It's literally the same sequence of numbers lol, just in a slightly different order.
If you add 900 to yours, it also works (or 990, 9990, 99990....)
any permutation of these digits have the exact same persistence and it's pretty obvious. changing two digits around and calling it adding 90 is a little weird
While the Parker Square is always amusing, this video leads me to a nice new constant: Brady's Number = 2
Vihart already did that
love the shadow of his head at 9:41 lol
I discovered this trick when I was bored a school and started to multiply persistently numbers in the calculator. I always found it a very intriguing trick, didn't know it was actually a mathematical curiosity
Judging from the videos in this channel, anything and everything is a mathematical curiosity when the simplest problems can be scaled up, and up, and up, until it isn't trivial anymore.
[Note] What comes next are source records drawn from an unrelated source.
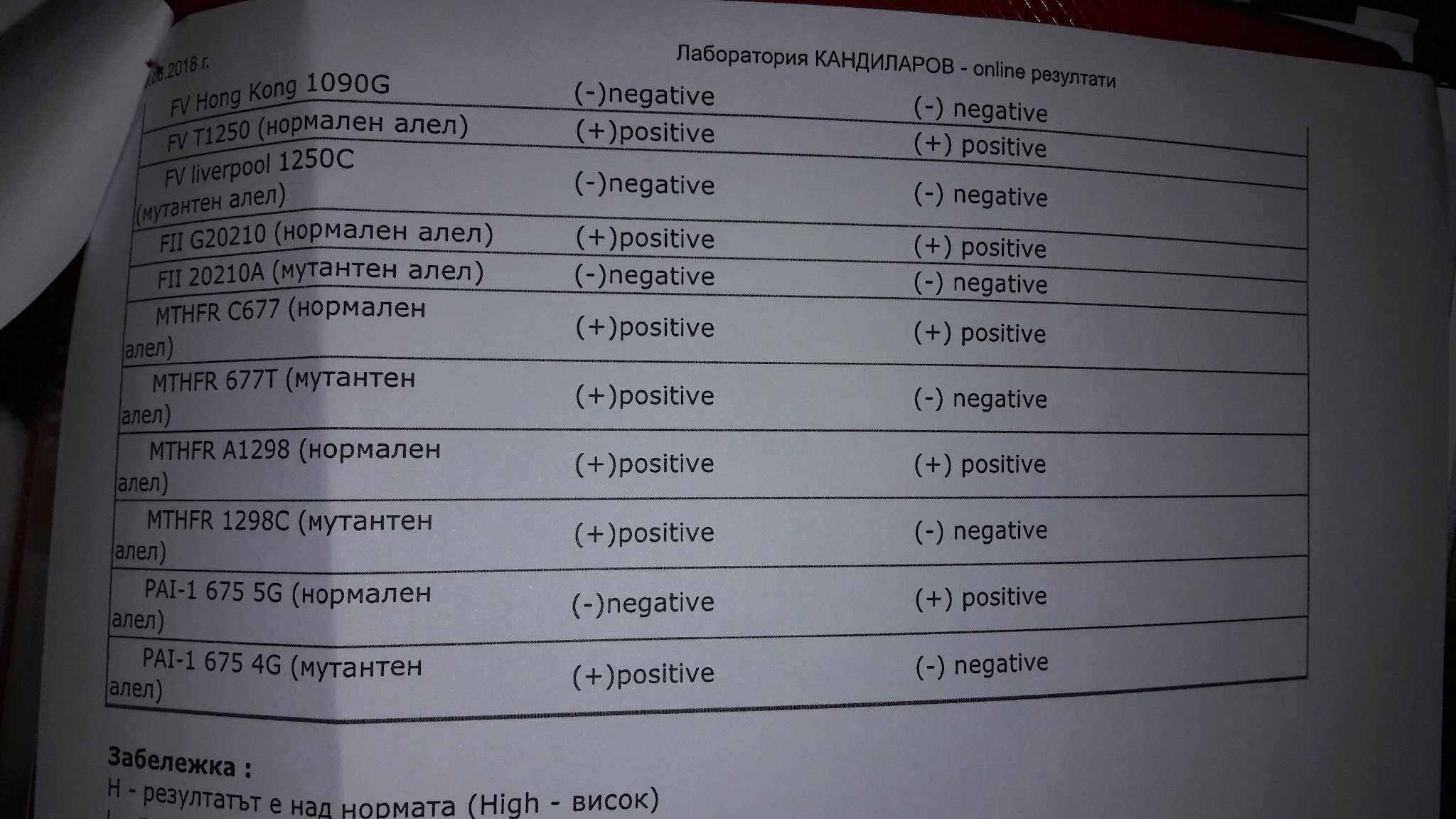 Много странно написани резултати.... не става ясно какъв е хомозигот или хетерозигот. По-добре се свържи с лабораторията за разяснения.
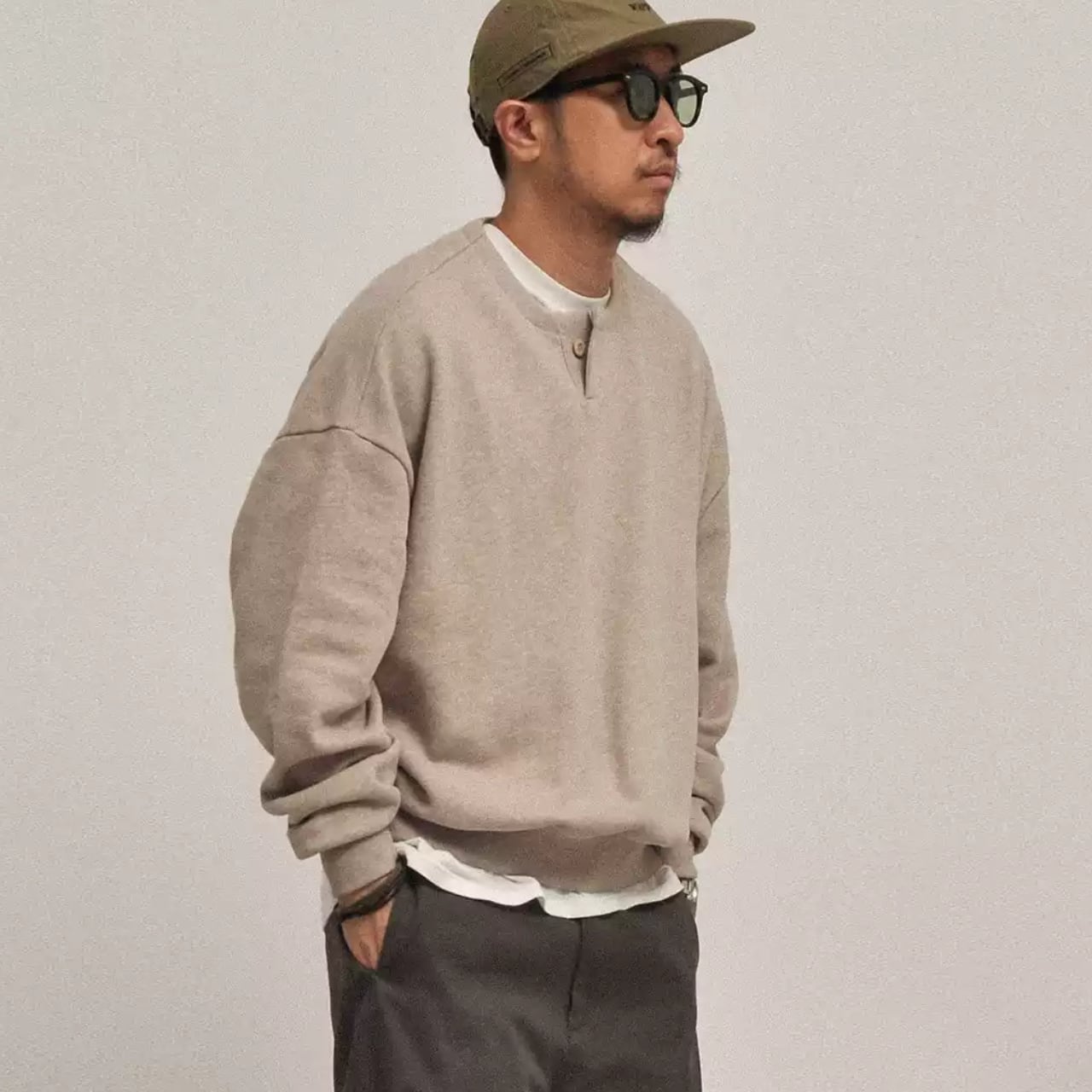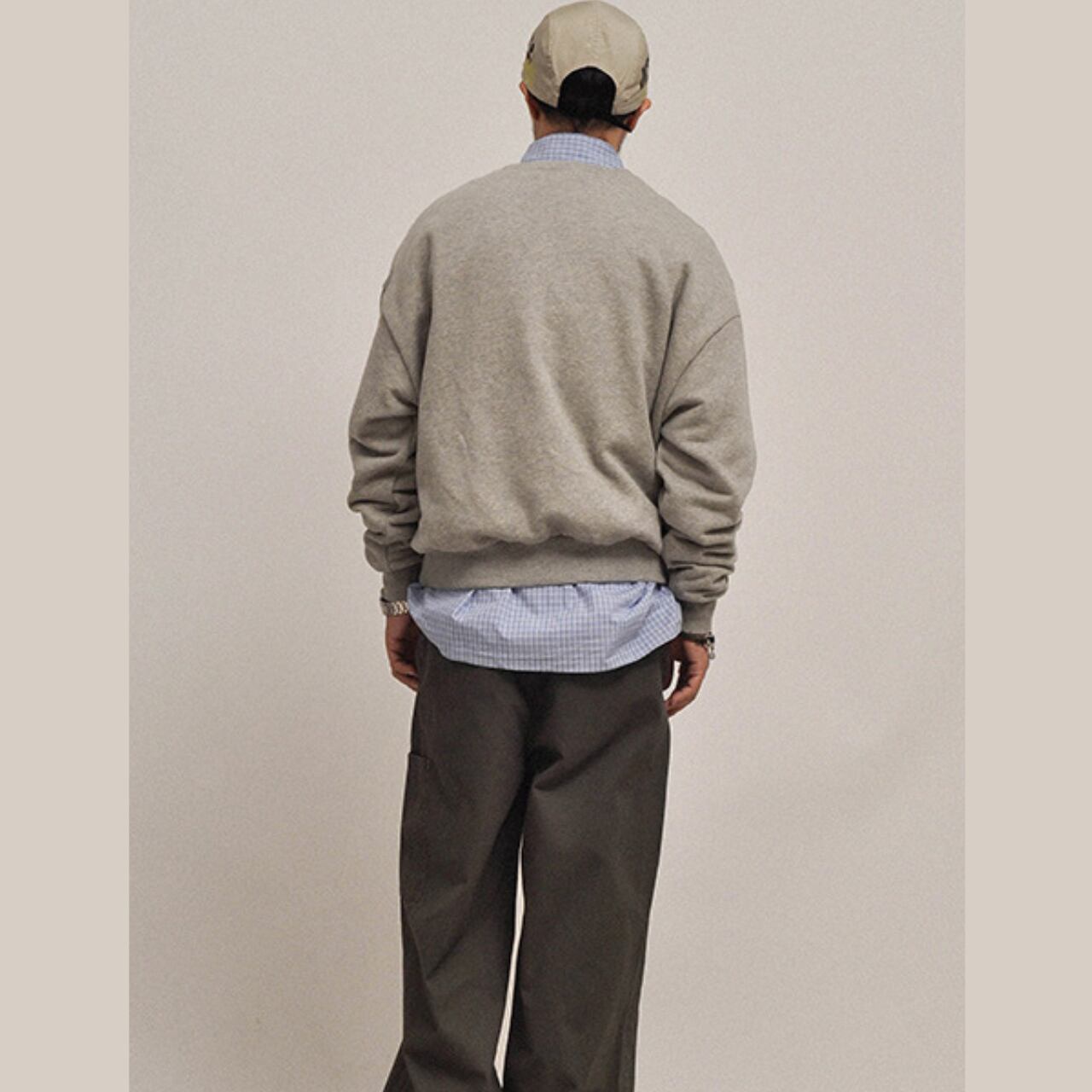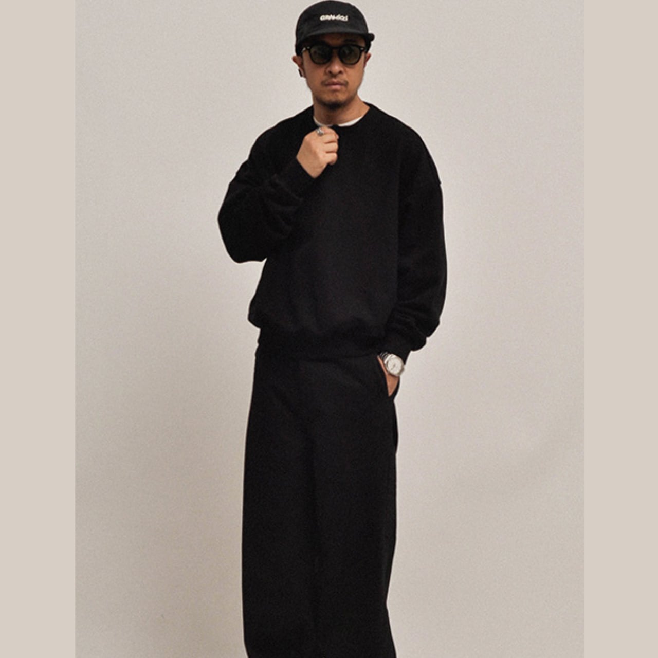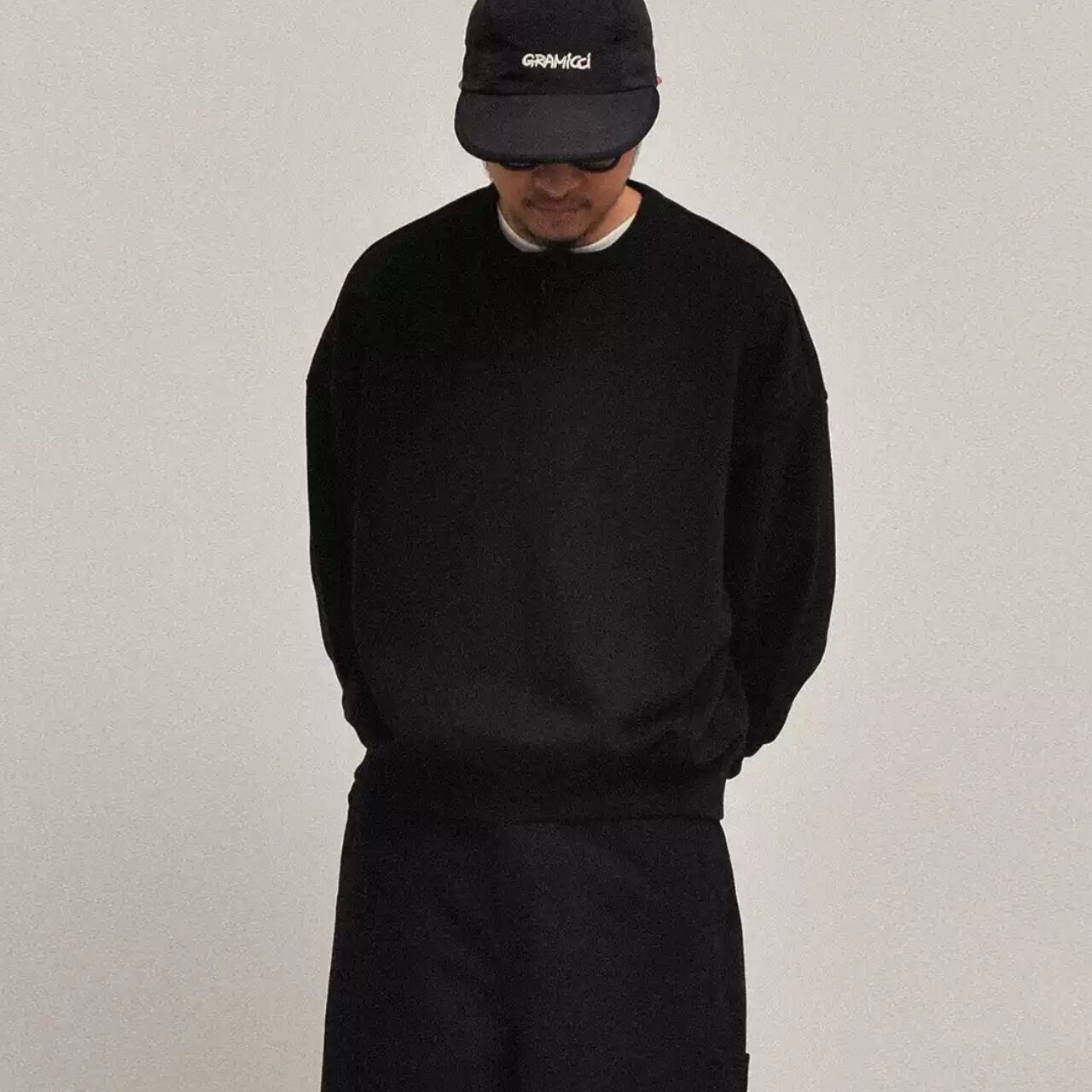 ミニマルかつ無骨なデザインが魅力のBOXYシルエットのハーフジップスウェット。肩が落ちるゆったりとしたドロップショルダー仕様で、トレンドのレイヤードスタイルとも相性抜群。中厚手の素材感で春秋は1枚で、冬はインナーとしても活躍。襟元のスナップボタンがスタイリングにアクセントをプラス。カジュアル、ストリート、シティボーイ系におすすめの一着です。
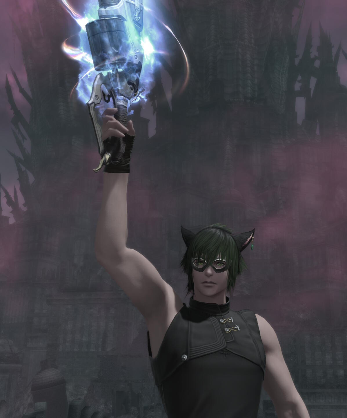 After Reks had dismissed himself from the meeting at the Coven he went straight to his Cafe as he was instructed by the voice on the other end of the linkshell. When he arrived he frowned as a letter in familiar handwriting had been left in his mailbox. He knew exactly who it was from and knew it meant he was to be sent on an errand. He sighed softly to himself and opened the sealed letter, to reveal what his target was. The instructions were for him to steal an artifact in Ok’Zundu, the Vanu Vanu village, in the Sea of Clouds. The object apparently contained an abnormal amount of Aether that the Vanu Vanu were unaware of, “Makes sense why they’d want something like this.” As with all his communiques from his Ascian contacts he muttered a spell under his breath and set the letter aflame. Reks was not particularly gifted in the arts of magick but he did know a few simple spells that came in hand from time to time. Overall his specialty with magick was to Imbue the machinery and weaponry he tinkered with and made himself with magickal attributes. Getting to the Vanu Vanu village was not difficult for him to do, it was quite a fast ride by airship. Finding a crew with a smaller airship was not too difficult, but convincing them to keep his business secret was a little more difficult. He had paid for the uncharted airship to wait for him just outside the Vanu Vanu village and be ready for a speedy getaway should things go awry. He had also bribed the crew a substantial sum to maintain their silence about his venture, the last thing he needed was the prying eyes of the Warriors of Light or some other governmental officials looking into the matter.It was about mid-day by the time he found himself at the drop off location outside the village. Upon entering the village he did his best to remain hidden. If he was discovered it would be that much harder to accomplish his task. He made his way to the Chieftain's house, where the object was said to be. Luckily for him the Chieftain's hut was rather exposed and the Chieftain himself was nowhere to be seen, “Must be out on official business, this makes my job easier.” he stated. The Vanu Vanu did not think outsiders would take any interest in their artifacts so the hut itself remained unguarded. It was as if the stars were aligning to make Reks’ task as easy as possible, a welcome change of pace. He carried with him a short staff, which had been made to the specifications of the object he was meant to steal, a replica to replace the original. It didn’t take him very long to find what he was looking for when he searched the hut. He carefully swapped the staves, placing the replica on the pedestal and sneaking out of the hut before he could have the chance to be seen. Leaving the village was a bit more of a task then entering had been but he managed to sneak away undetected, a perfect score. When he was a fair distance away from the Village he pulled out a purple crystal, that was just small enough to fit in his hand. The Ascians had given the crystal to him when he made his contract with them, it would summon a portal that he would use to hand over any relics or items that the Ascians required for their schemes. He made a soft sigh as the dark portal opened before him and he unceremoniously tossed the staff into the portal. A few moments later the portal shut, which meant he was done with his task.On his way back to the airship, He heard the howling and screeching of what sounded like a cat. His ears perked up as he investigated the noise. A rather large Sanuwa was hovering over what looked like a little Gaelikitten. The Gaelikitten’s wing device it wore seemed busted, the Sanuwa must have broken it and was about to claim the poor creature as a midday snack. The lesson earlier on familiars suddenly popped into his mind, he had forgotten how exactly the bond was to be formed, but a Gaelikitten would make a wonderful familiar. As the winged snake-like creature was about to eat the terrified Gaelikitten Reks swooped in and kicked the creature, forcing it to the side and miss its lunge. Reks pulled out his Machina Revolver and started firing off some imbued rounds at the creature. It’s shrieks of pain filled the air and it didn’t take much more for it to become dis-interested in the two and scampered off for its own safety. Reks approached the Gaelikitten which hissed at him with every step he took towards it. He kneeled down by the Gaelikitten and reached for it. The Gaelikitten hissed loudly and bit into Reks’ arm, it’s claws also digging into his arm. Reks winced in pain but did his best to ignore it as he set to work on repairing the Gaelikitten’s wing, muttering some spell under his breath to imbue the wings with increased flying speed and durability once the repair was done. He pulled his arm away which the Gaelikitten reluctantly let go of. The Gaelikitten looked up at Reks in confusion, was the being not going to eat it? It took a few moments before the Gaelikitten realized that the broken wing had been repaired, “Mew?”Reks smiled down at the little creature, who seemed to be in awe that the wing was now repaired. The Gaelikitten took flight to test out the mechanical wings and almost flew away. After a few moments the Gaelikitten hovered in place then returned to Reks, who was still kneeling. The Gaelikitten approached cautiously, gently pawing at the bite and scratch marks that it had left on his arm. It seemed apologetic for it’s behavior, after the kindness Reks had shown to it, ‘Maybe not all beings are bad…’ it thought. Reks smiled down at the little creature, “Well then, how would you like to be my Familiar little guy?” The Gaelikitten turned it’s head as if it were pondering and then gave a soft “Mew” of acceptance. Reks seemed delighted at the creature's response, “Alright then! From now on I’m going to call you Kyma, in Al Bhed it means Gale.” he explained to the creature, who seemed

There are quite a few other videos like this where the game is pretty simple, but then when you continue to play it, it gets more difficult. Then they whip out the brown paper
So rightly, the Guarracino Number of 277777788888899 is 11... etc... 😊
I really like these types of videos that combine coding and number stuff
At 12:51
Matt: "I'm always one to give it a go"
Numberphile suggested video: "The Parker Square"
wise word: never code in front of class
matt: hold my square
Honestly it's no more risky than doing mathematics in front of a class. Everyone makes mistakes at the board.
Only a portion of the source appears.